The core of KnowRob is a shared library that implements a hybrid knowledge base. With hybrid, we mean that different reasoning engines can be combined in KowRob's query evaluation process. To this end, KnowRob defines a querying language and manages which parts of a query are evaluated by which reasoner or storage backend. Both reasoners and storage backends are configurable, and can be extended by plugins either in written in C++ or Python. There are a few applications shipped with this repository including a terminal application that allows to interact with KnowRob using a command line interface, and a ROS node that exposes KnowRob's querying interface to the ROS ecosystem.

Getting Started

These instructions will get you a copy of KnowRob up and running on your local machine.

Dependencies

The following list of software is required to build KnowRob:

Optional Dependencies

Some features will only be conditionally compiled if the following dependencies are found:

  • ROS1 >= Melodic, ROS2 is not supported yet

Installation

KnowRob uses CMake as build system. The following steps will guide you through the installation process. Assuming you have cloned the repository to ~/knowrob:

cd ~/knowrob
mkdir build
cd build
cmake ..
make
sudo make install

You may further need to set the SWI_HOME_DIR environment variable to the installation location of swipl:

export SWI_HOME_DIR=/usr/lib/swi-prolog

Alternatively, you may clone the KnowRob repository into a ROS workspace and build it using catkin. Please refer to the ROS documentation for further information.

Development

Any IDE with proper CMake and C++ language support should be able to load the project. For example, you can use CLion or Visual Studio Code. But support for Prolog code is usually quite limited or not existent.

Configuration

KnowRob uses a configuration file to set up the knowledge base. Internally, boost's property tree is used to parse the configuration file. Hence, JSON is one of the supported formats. The configuration file specifies the storage backends, the reasoner, and the ontologies that are loaded into the knowledge base.

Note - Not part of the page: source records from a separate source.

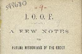 A few notes for future historian of the order in Chile / by William J. Cox. Valparaíso : Patria Printing Office, 1876. 16 p. ; 17 cm. .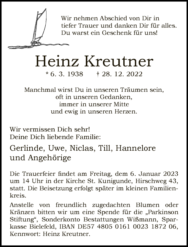 Hier finden Sie alle Traueranzeigen aus der Zeitung, die bisher für Heinz Kreutner erschienen sind. Weitere Traueranzeigen, die in der Zeitung erscheinen, werden hier ebenfalls aufgelistet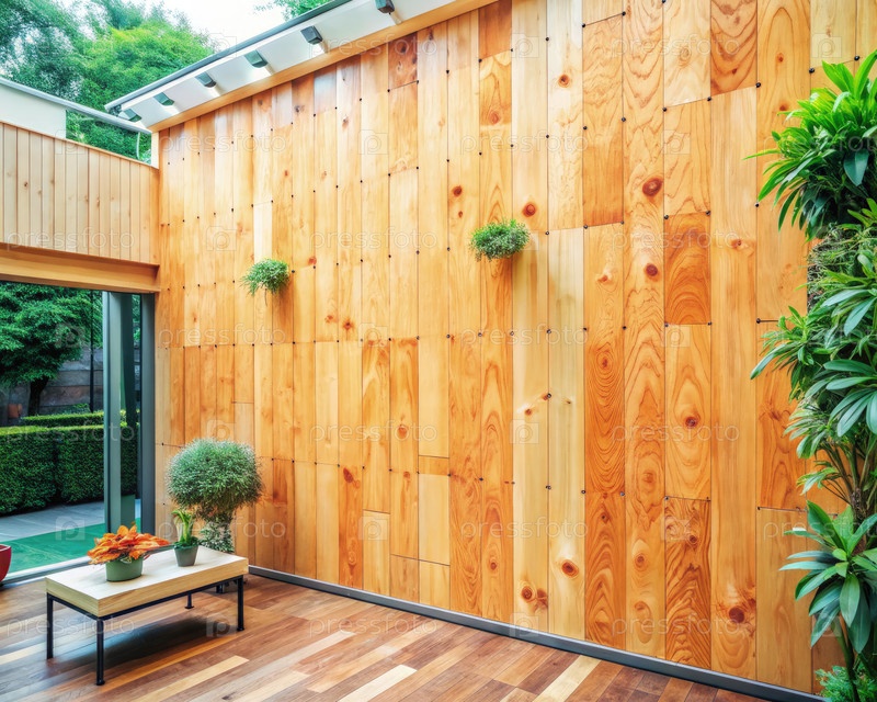 Элегантная деревянная стена в современном внутреннем пространстве с растениями и естественным светом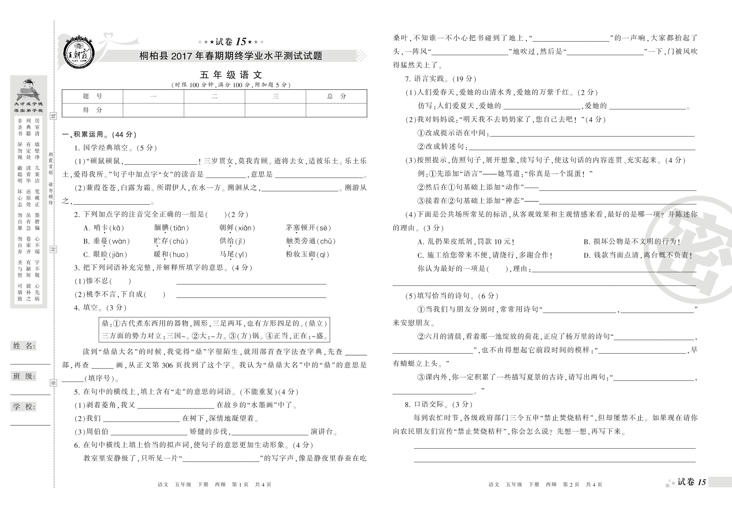 2016-2017学年第二学期南阳市桐柏县五年级语文试卷(西师版)【15】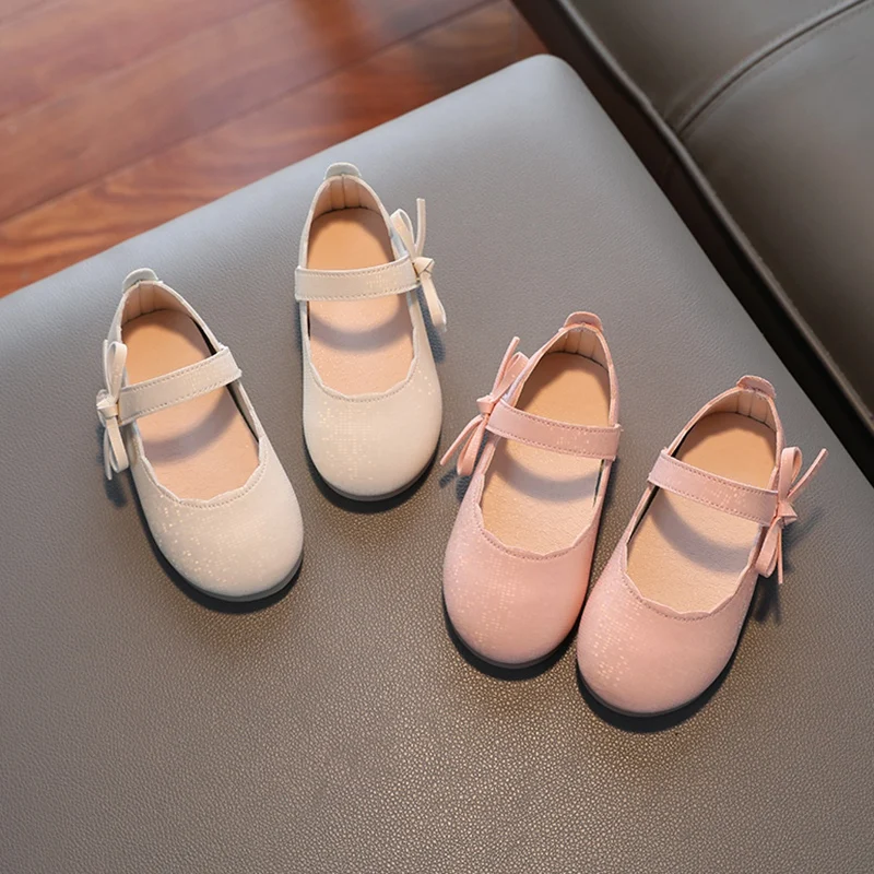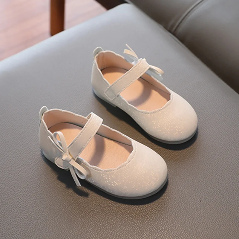 Spring Summer Children Girls Korean Style Fashion Casual Cute Elegant British Style Retro Bowknot Design Soft Bottom Non-Slip Princess Shoes Single Shoes Leather Shoes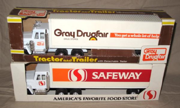 both plastic trailers with metal cabs, both NIB, boxes have some wear, 2x the money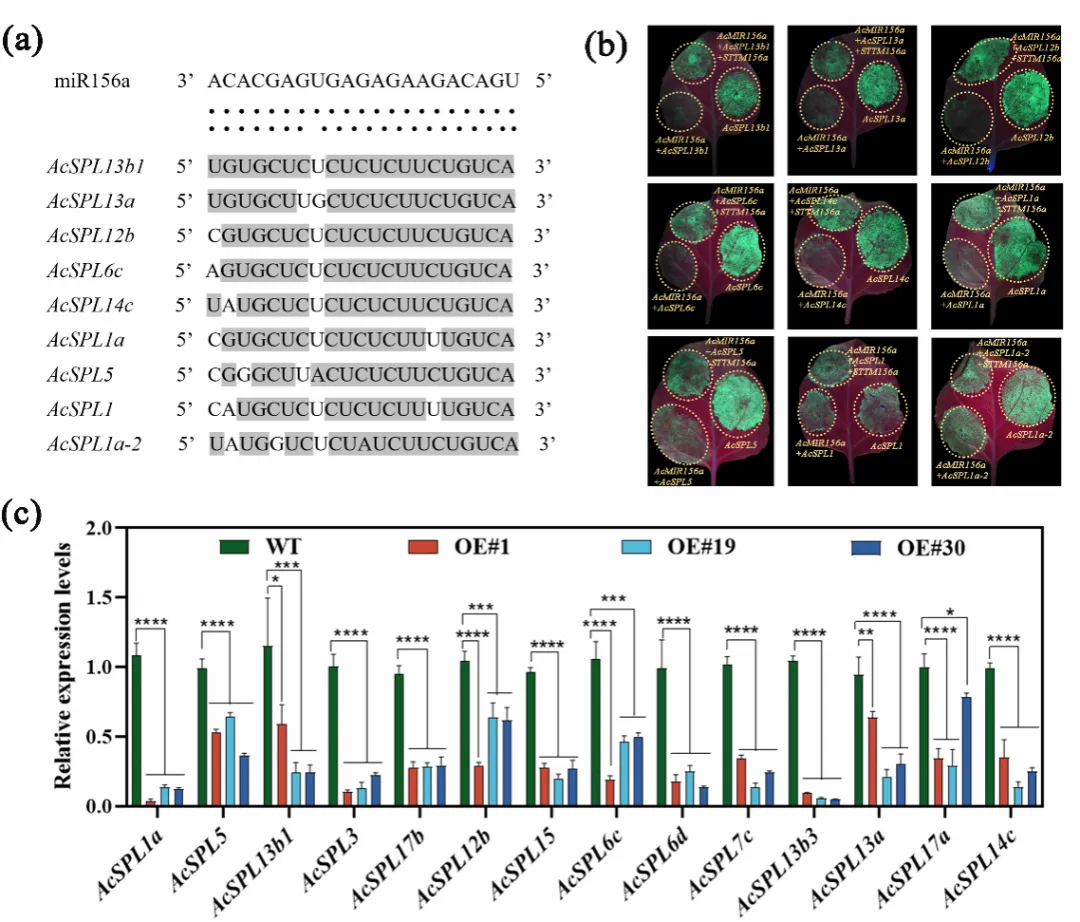 研究发现,miR156a在感病猕猴桃品种中的表达量显著高于抗病品种,其表达水平与品种抗性呈负相关,提示其可作为抗病育种的重要候选靶标。通过过表达和短串联靶标模拟(STTM)抑制技术,研究证实miR156a通过靶向14个SPL转录因子,负向调控猕猴桃对丁香假单胞杆菌猕猴桃致病变种(Psa)引起的溃疡病的抗性。进一步的机制解析表明,AcSPL6c和AcSPL14c是该调控通路中关键的免疫正调控因子。miR156a-SPL模块通过调控水杨酸(SA)和茉莉酸(JA)的激素信号重编程,精细调控宿主免疫应答,从而实现对溃疡病的抗性调节。

An example configuration file is provided in settings/default.json:

  "data-sources": [
    {
      "path": "owl/test/swrl.owl",
      "language": "owl",
      "format": "xml"
    }
  ],
  "data-backends": [
    {
      "type": "MongoDB",
      "name": "mongodb",
      "host": "localhost",
      "port": 27017,
      "db": "mongolog1",
      "read-only": false
    }
  ],
  "reasoner": [
    {
      "type": "Mongolog",
      "name": "mongolog",
      "data-backend": "mongodb"
    }
  ]

For more information about storage backends, please refer to the Backends documentation, and for more information about reasoners, please refer to the Reasoner documentation.

Launching

Being a shared library, KnowRob cannot be launched directly but only in the context of a program that uses it.

One such program is the terminal application that allows to interact with KnowRob using a command line interface. It can be launched as follows:

knowrob-terminal --config-file ~/knowrob/settings/default.json

The configuration file is a required argument, there is no fallback configuration file.

Once the terminal is up and running, you should see a greeting message and a prompt which looks like this:

Welcome to KnowRob.
For online help and background, visit http://knowrob.org/

?- 

Please refer to the CLI for documentation about the syntax of queries that can be typed into the terminal. Limited auto-completion is available. exit/0 will terminate the terminal.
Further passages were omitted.